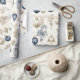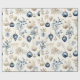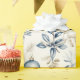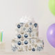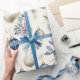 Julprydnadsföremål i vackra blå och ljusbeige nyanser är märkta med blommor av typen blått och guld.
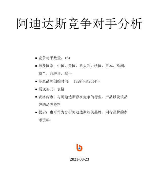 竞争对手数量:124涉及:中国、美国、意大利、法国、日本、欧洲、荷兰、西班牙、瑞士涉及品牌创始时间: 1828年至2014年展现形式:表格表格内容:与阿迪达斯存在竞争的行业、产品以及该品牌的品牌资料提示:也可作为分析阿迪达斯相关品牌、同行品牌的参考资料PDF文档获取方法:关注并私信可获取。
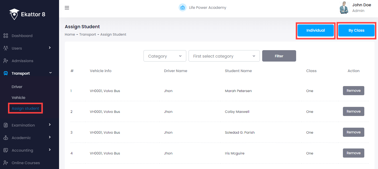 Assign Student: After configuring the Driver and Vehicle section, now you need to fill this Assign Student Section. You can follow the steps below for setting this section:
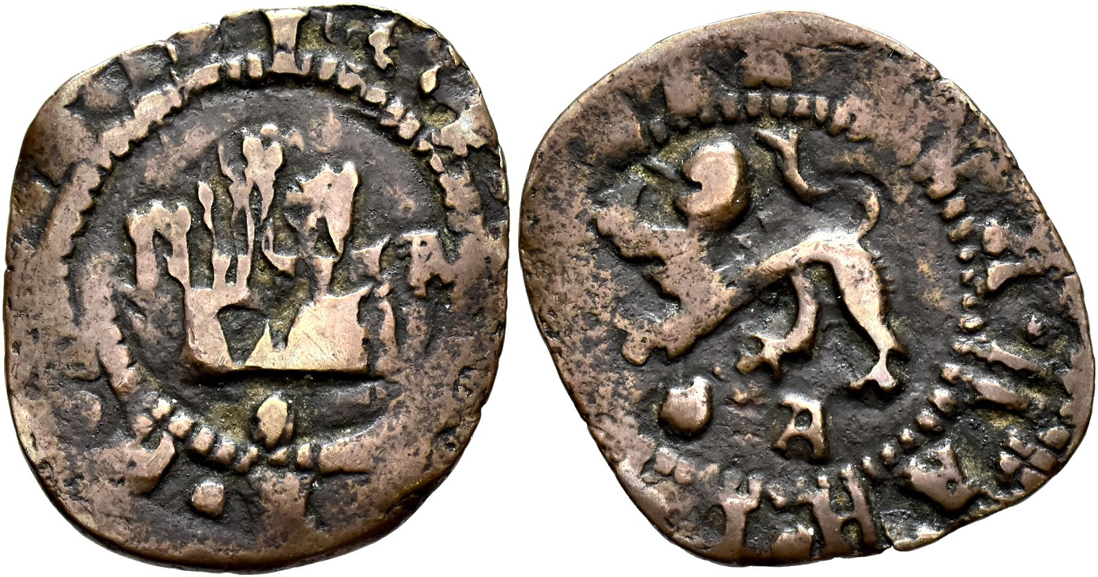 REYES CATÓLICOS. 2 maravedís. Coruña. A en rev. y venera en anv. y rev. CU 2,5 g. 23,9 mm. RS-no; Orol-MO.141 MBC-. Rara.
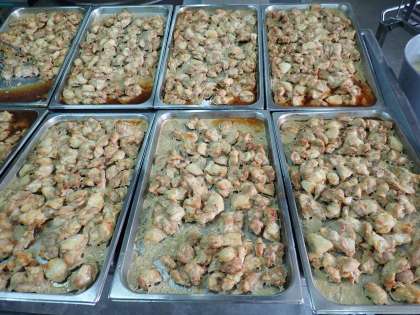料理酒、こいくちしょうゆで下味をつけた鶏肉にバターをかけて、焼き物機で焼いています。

##########

> **ABOUT THIS TASK**
Write out all the entries word for word, but drop the pictures.

> **WRITTEN REPLY**
 Julprydnadsföremål i vackra blå och ljusbeige nyanser är märkta med blommor av typen blått och guld.
 竞争对手数量:124涉及:中国、美国、意大利、法国、日本、欧洲、荷兰、西班牙、瑞士涉及品牌创始时间: 1828年至2014年展现形式:表格表格内容:与阿迪达斯存在竞争的行业、产品以及该品牌的品牌资料提示:也可作为分析阿迪达斯相关品牌、同行品牌的参考资料PDF文档获取方法:关注并私信可获取。
 Assign Student: After configuring the Driver and Vehicle section, now you need to fill this Assign Student Section. You can follow the steps below for setting this section:
 REYES CATÓLICOS. 2 maravedís. Coruña. A en rev. y venera en anv. y rev. CU 2,5 g. 23,9 mm. RS-no; Orol-MO.141 MBC-. Rara.
料理酒、こいくちしょうゆで下味をつけた鶏肉にバターをかけて、焼き物機で焼いています。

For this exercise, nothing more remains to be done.